Error: Template 'low-service-level' specified in service definition could not be not found (config file '/usr/local/nagios/etc/objects/localhost.cfg', starting on line 158)
Error: Invalid max_attempts, check_interval, retry_interval, or notification_interval value for service 'aacraid' on host 'localhost'
The first implies that you have defined the template "low-service-level" in the "localhost.cfg" service definition but you have not actually created a template definition for the "low-service-level" template. You will either need to remove the "low-service-level" template definition from the localhost.cfg file, or create the template itself.

You are missing the required values "Invalid max_attempts, check_interval, retry_interval, or notification_interval value" for your aacraid definition on localhost as well. You can usually get the default settings by include the "generic-service" template for the "use" directive for the service.

Re: Trouble adding check-aacraid.py to Nagios

Posted: Mon Mar 04, 2013 2:10 pm
by Grizzly
Thanks for the help abrist!

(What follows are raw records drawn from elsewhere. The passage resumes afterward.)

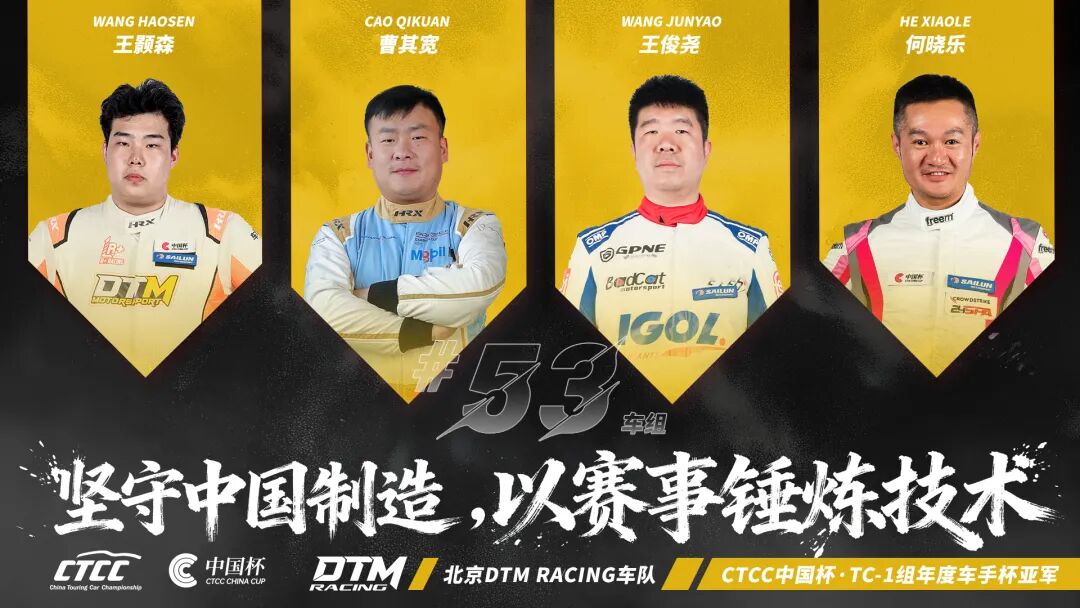 2025赛季,CTCC中国汽车场地职业联赛CTCC中国杯焕新拉开战幕。北京DTM Racing车队携自主研发的“大众高尔夫8 Racing Evo II”赛车强势出战TC1组别,由53号车组与63号车组组成的核心阵容,历经六站十二回合的激烈角逐,最终以包揽TC1组别年度冠亚军的辉煌战绩为赛季画上圆满句点。
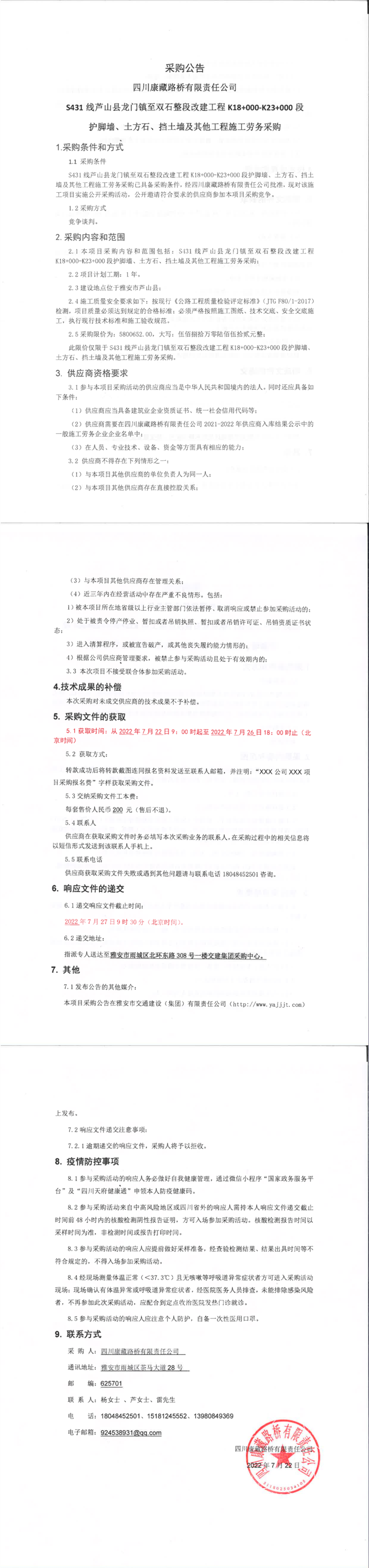 四川康藏路橋有限責(zé)任公司S431線(xiàn)蘆山縣龍門(mén)鎮(zhèn)至雙石整段改建工程K18+000-K23+000段護(hù)腳墻、土方石、擋土墻及其他工程施工勞務(wù)采購(gòu)
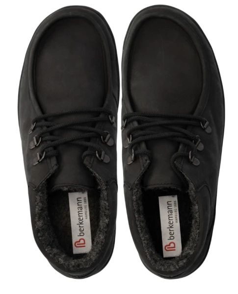 Мужские ортопедические ботинки из натуральной чёрного нубука Oskar — удобная обувь от немецкого бренда Berkemann. Изделие прекрасно подойдет для морозов — толстая рельефная подошва защитит ноги от замерзания и скольжения. Подкладка состоит из натуральной шерсти — материал дарит ногам сухое тепло, отводит излишки влаги и позволяет коже дышать.
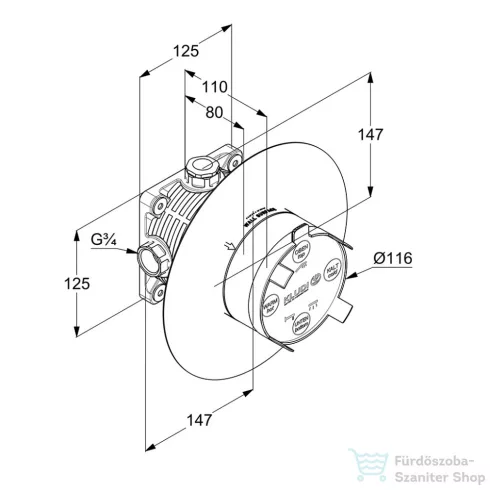süllyesztett csaptelep vezérlőegysége és látható eleme
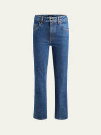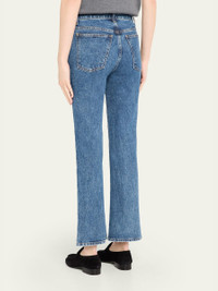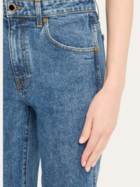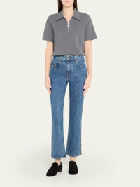 Khaite "The Vivian" jeans High rise Fivepocket style Fitted through hip and thigh Bootcut leg opening Cropped above ankle Button/zip fly; belt loops Cotton/polyurethane Dry clean Made in USA
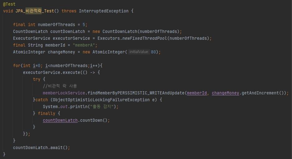 JPA 낙관적 락 사용 테스트
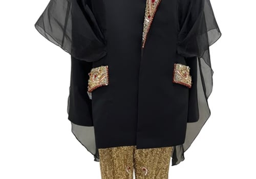 A luxurious embroidered black blazer with a scarf and gold sequin pants
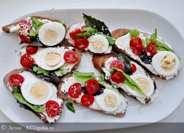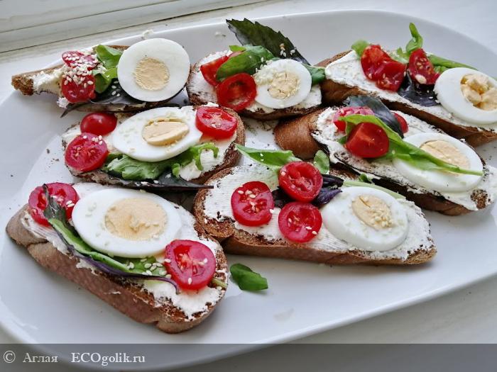 Дальше приступаю к сборке. Намазываю на брускетту творожный сыр с нейтральным вкусом, без добавок. Ну и дальше накладываю все, что было в холодильнике, - копченную рыбку, варённое яичко, помидоры черри, зелень, индейку. Вот один из вариантов получившихся брускетт, которые можно подавать и к праздничному столу.
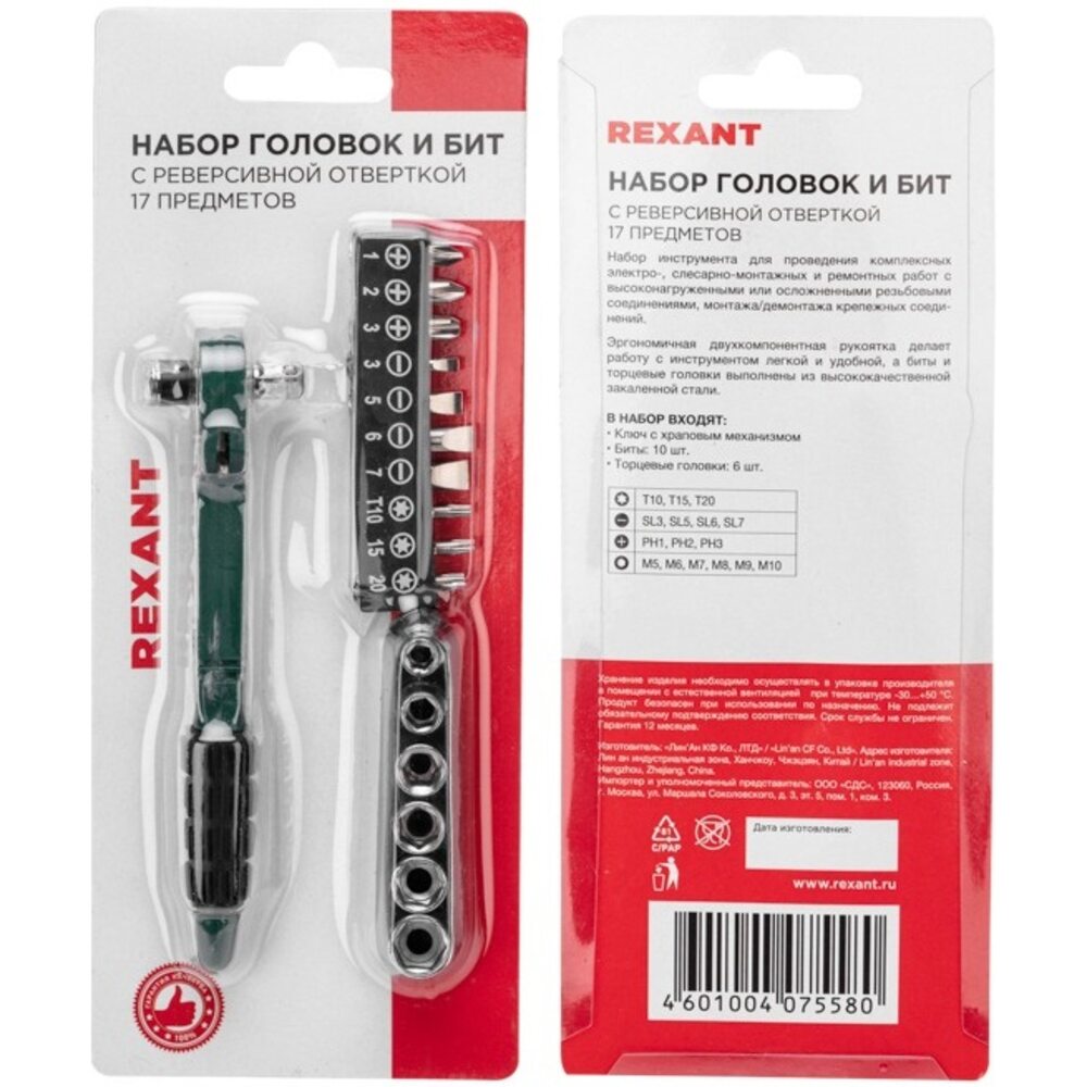 Набор головок и бит с ключом-трещоткой 17 предметов Rexant (12-6070)

Changed aacraid-service to use generic-service instead of low-local-service (since I had no definition for it), then used the command slansing gave me to fix some other errors with my configuration of the new services and hey presto Nagios restarted fine and I now have aacraid under services.
Now for the new problem, when I perform a check on the service it returns Current Status: UNKNOWN and Status Information: NRPE: Unable to read output. When I run the script NRPE is calling in the command line I get a normal looking string as a return value so I'm not sure why it would be doing this.

Re: Trouble adding check-aacraid.py to Nagios

Posted: Mon Mar 04, 2013 2:20 pm
by abrist
Try running the command again from the cli as the user "nagios". If you get a permission denied, you may need to set up sudoers for the user nagios and the aacraid binary. You may also have to suid the aacraid bin as well. But first step is to try running the check as nagios instead of root (as most admins setting up nagios work as root or a user with wheel).

Re: Trouble adding check-aacraid.py to Nagios

Posted: Mon Mar 04, 2013 3:16 pm
by Grizzly
Ran the command as nagios with no problem, then did

Code: Select all

chmod u+s /usr/local/sbin/check-aacraid.py
chmod u+s /usr/StorMan/arcconf
as root, I think one of those is what you meant by "suid the aacraid bin". Sorry if it's not I've only been using Linux for a couple of months so I don't know all of the terminology yet. I'm still getting the same status information in Nagios after these steps.

Re: Trouble adding check-aacraid.py to Nagios

Posted: Mon Mar 04, 2013 3:21 pm
by abrist
What is your service definition for the aacraid check? What is your command definition for the same check?

Re: Trouble adding check-aacraid.py to Nagios

Posted: Mon Mar 04, 2013 3:29 pm
by Grizzly
Command definition is:

Code: Select all

define command { 
command_name check_aacraid 
command_line $USER1$/check_nrpe -H $HOSTADDRESS$ -c check_aacraid 
} 
Service definition for that command is:

Code: Select all

define service { 
use generic-service
name aacraid-service 
service_description aacraid 
check_command check_aacraid 
register 0 
notification_interval 3600 
} 
And a second service that needed to be defined is:

Code: Select all

define service { 
use aacraid-service 
host_name localhost
contact_groups admins
} 

Re: Trouble adding check-aacraid.py to Nagios

Posted: Mon Mar 04, 2013 3:36 pm
by abrist
This is local check to the core box, correct?
If so, then you do not need to use nrpe for the check, and you can just setup a command for the python file itself.

If you do wish to use nrpe, you will have to configure the command in your nrpe.cfg file as well.